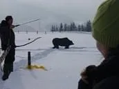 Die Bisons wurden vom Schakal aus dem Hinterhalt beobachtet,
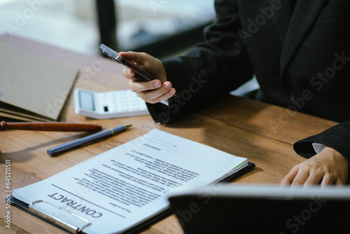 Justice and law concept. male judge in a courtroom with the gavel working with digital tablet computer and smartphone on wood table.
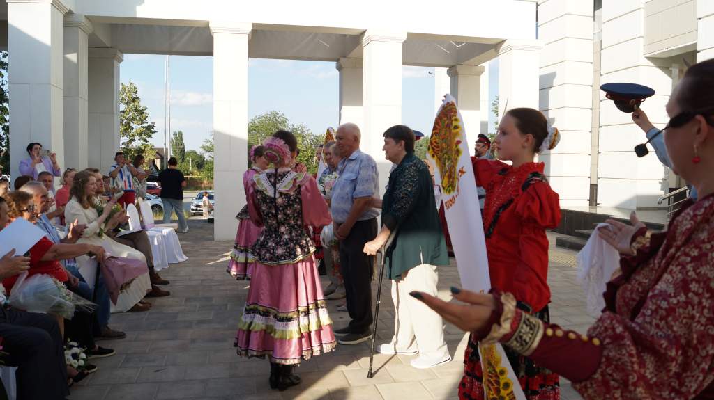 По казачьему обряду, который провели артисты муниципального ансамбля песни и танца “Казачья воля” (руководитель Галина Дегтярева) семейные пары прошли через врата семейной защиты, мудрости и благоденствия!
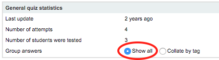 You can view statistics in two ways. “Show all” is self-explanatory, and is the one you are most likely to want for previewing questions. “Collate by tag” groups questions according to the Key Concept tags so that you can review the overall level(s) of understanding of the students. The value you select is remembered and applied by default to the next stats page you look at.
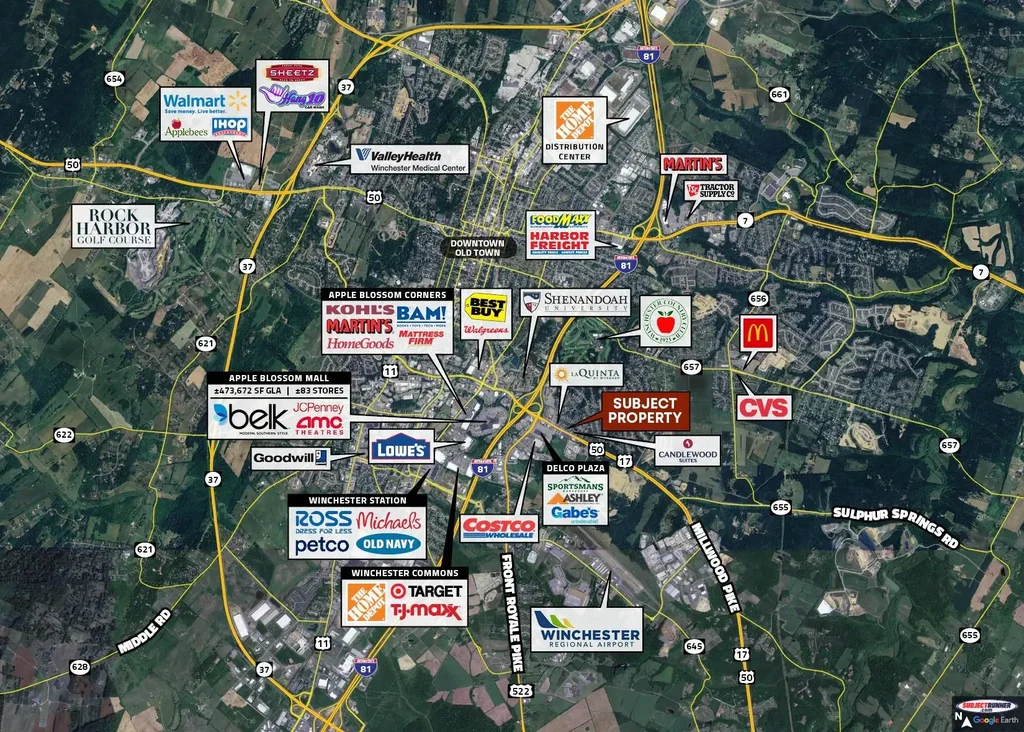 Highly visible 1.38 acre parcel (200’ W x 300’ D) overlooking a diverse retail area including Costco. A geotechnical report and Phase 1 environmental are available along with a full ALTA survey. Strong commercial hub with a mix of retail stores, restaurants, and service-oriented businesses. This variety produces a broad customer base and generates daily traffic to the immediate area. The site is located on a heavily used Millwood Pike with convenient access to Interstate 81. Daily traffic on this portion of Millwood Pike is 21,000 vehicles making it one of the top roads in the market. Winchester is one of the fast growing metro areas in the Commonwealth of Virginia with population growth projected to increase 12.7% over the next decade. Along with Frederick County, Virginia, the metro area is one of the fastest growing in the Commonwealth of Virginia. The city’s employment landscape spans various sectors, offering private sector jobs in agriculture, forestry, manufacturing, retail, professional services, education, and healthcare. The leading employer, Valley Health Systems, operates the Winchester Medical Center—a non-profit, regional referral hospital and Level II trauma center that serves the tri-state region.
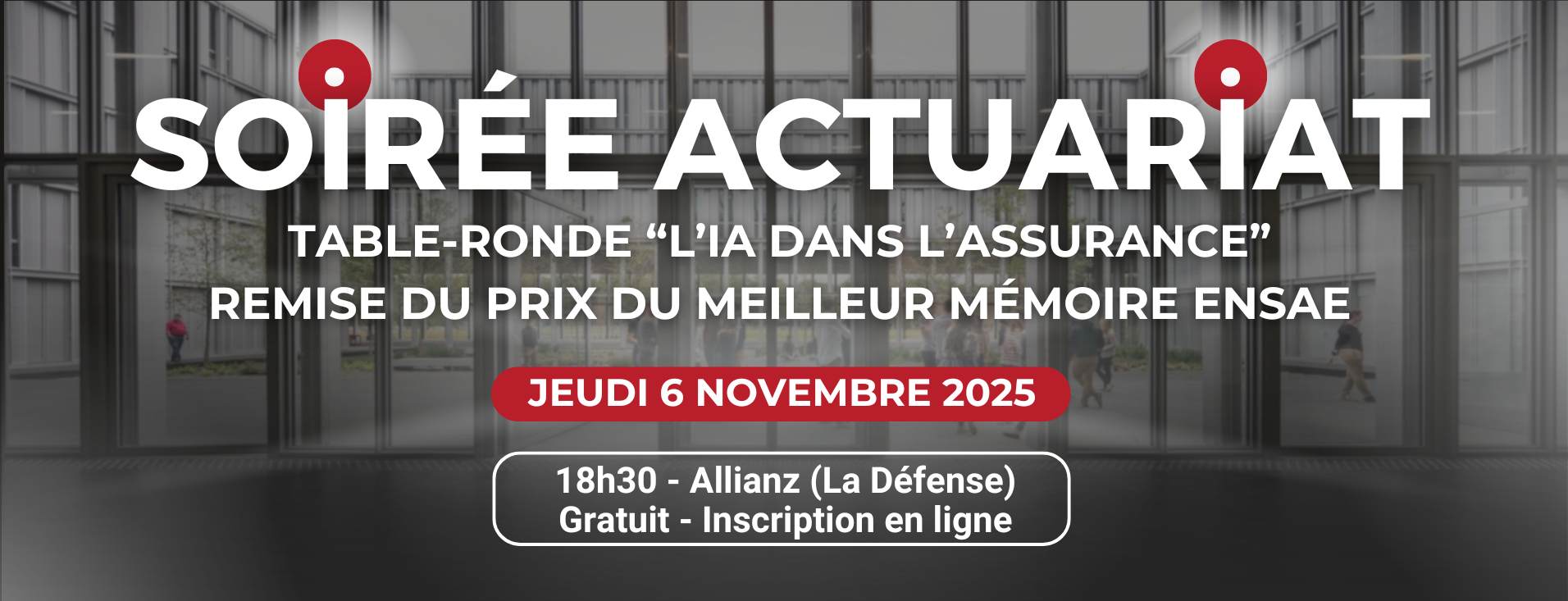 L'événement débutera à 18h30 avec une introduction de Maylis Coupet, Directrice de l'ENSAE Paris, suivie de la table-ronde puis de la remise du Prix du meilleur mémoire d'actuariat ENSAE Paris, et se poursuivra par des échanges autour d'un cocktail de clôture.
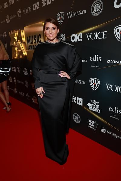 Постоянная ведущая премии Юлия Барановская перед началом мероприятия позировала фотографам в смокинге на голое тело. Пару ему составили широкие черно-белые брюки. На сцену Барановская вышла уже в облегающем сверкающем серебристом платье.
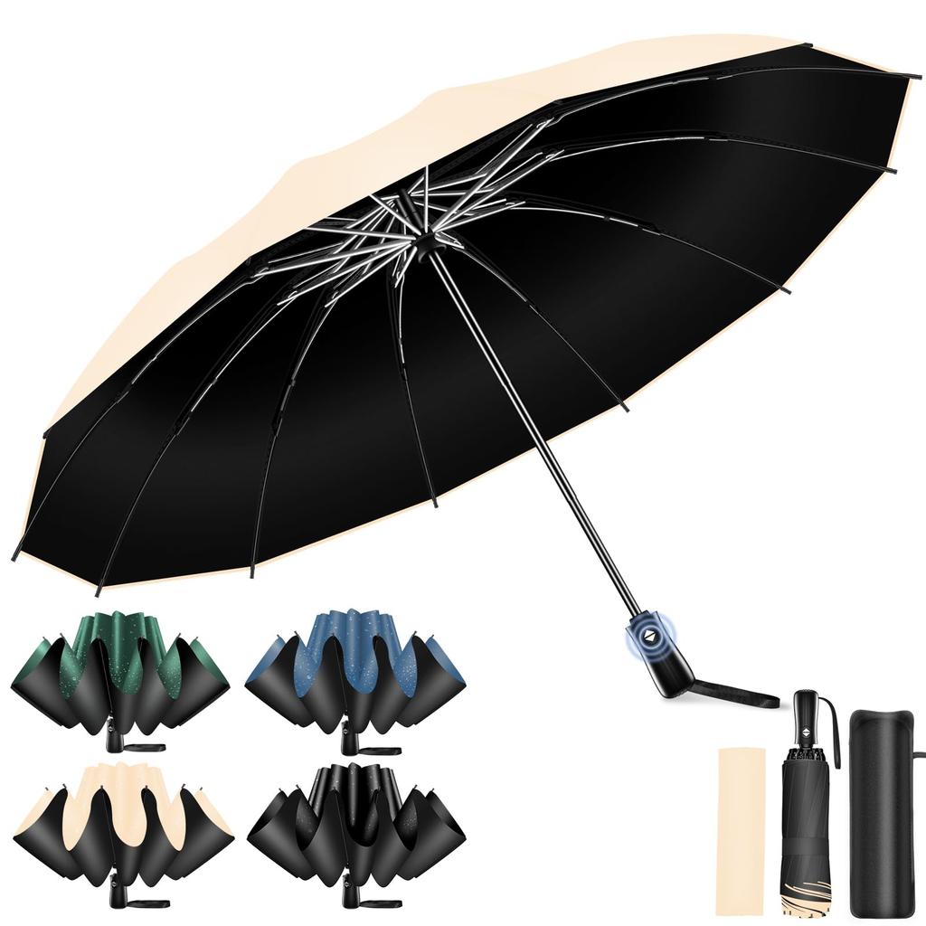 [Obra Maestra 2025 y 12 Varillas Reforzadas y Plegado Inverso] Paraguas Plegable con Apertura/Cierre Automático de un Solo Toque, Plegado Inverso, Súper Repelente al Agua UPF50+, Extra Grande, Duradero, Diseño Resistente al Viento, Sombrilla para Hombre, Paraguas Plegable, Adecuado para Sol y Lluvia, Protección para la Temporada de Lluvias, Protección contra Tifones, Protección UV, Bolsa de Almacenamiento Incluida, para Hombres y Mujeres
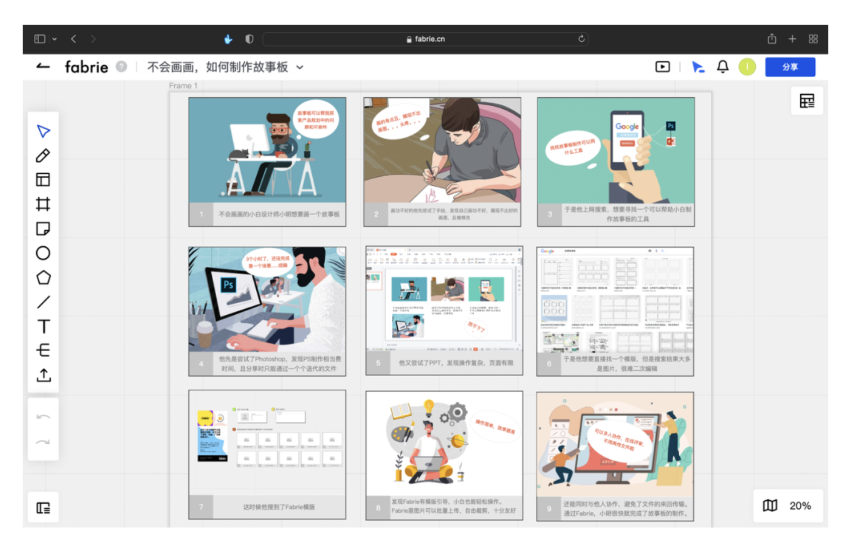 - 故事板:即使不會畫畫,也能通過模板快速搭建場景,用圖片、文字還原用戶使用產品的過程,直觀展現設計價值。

◆ **TRY IT**: An exact, image-free transcript of the material is required.

◆ **EXERCISE RESULT**:
 Die Bisons wurden vom Schakal aus dem Hinterhalt beobachtet,
 Justice and law concept. male judge in a courtroom with the gavel working with digital tablet computer and smartphone on wood table.
 По казачьему обряду, который провели артисты муниципального ансамбля песни и танца “Казачья воля” (руководитель Галина Дегтярева) семейные пары прошли через врата семейной защиты, мудрости и благоденствия!
 You can view statistics in two ways. “Show all” is self-explanatory, and is the one you are most likely to want for previewing questions. “Collate by tag” groups questions according to the Key Concept tags so that you can review the overall level(s) of understanding of the students. The value you select is remembered and applied by default to the next stats page you look at.
 Highly visible 1.38 acre parcel (200’ W x 300’ D) overlooking a diverse retail area including Costco. A geotechnical report and Phase 1 environmental are available along with a full ALTA survey. Strong commercial hub with a mix of retail stores, restaurants, and service-oriented businesses. This variety produces a broad customer base and generates daily traffic to the immediate area. The site is located on a heavily used Millwood Pike with convenient access to Interstate 81. Daily traffic on this portion of Millwood Pike is 21,000 vehicles making it one of the top roads in the market. Winchester is one of the fast growing metro areas in the Commonwealth of Virginia with population growth projected to increase 12.7% over the next decade. Along with Frederick County, Virginia, the metro area is one of the fastest growing in the Commonwealth of Virginia. The city’s employment landscape spans various sectors, offering private sector jobs in agriculture, forestry, manufacturing, retail, professional services, education, and healthcare. The leading employer, Valley Health Systems, operates the Winchester Medical Center—a non-profit, regional referral hospital and Level II trauma center that serves the tri-state region.
 L'événement débutera à 18h30 avec une introduction de Maylis Coupet, Directrice de l'ENSAE Paris, suivie de la table-ronde puis de la remise du Prix du meilleur mémoire d'actuariat ENSAE Paris, et se poursuivra par des échanges autour d'un cocktail de clôture.
 Постоянная ведущая премии Юлия Барановская перед началом мероприятия позировала фотографам в смокинге на голое тело. Пару ему составили широкие черно-белые брюки. На сцену Барановская вышла уже в облегающем сверкающем серебристом платье.
 [Obra Maestra 2025 y 12 Varillas Reforzadas y Plegado Inverso] Paraguas Plegable con Apertura/Cierre Automático de un Solo Toque, Plegado Inverso, Súper Repelente al Agua UPF50+, Extra Grande, Duradero, Diseño Resistente al Viento, Sombrilla para Hombre, Paraguas Plegable, Adecuado para Sol y Lluvia, Protección para la Temporada de Lluvias, Protección contra Tifones, Protección UV, Bolsa de Almacenamiento Incluida, para Hombres y Mujeres
 - 故事板:即使不會畫畫,也能通過模板快速搭建場景,用圖片、文字還原用戶使用產品的過程,直觀展現設計價值。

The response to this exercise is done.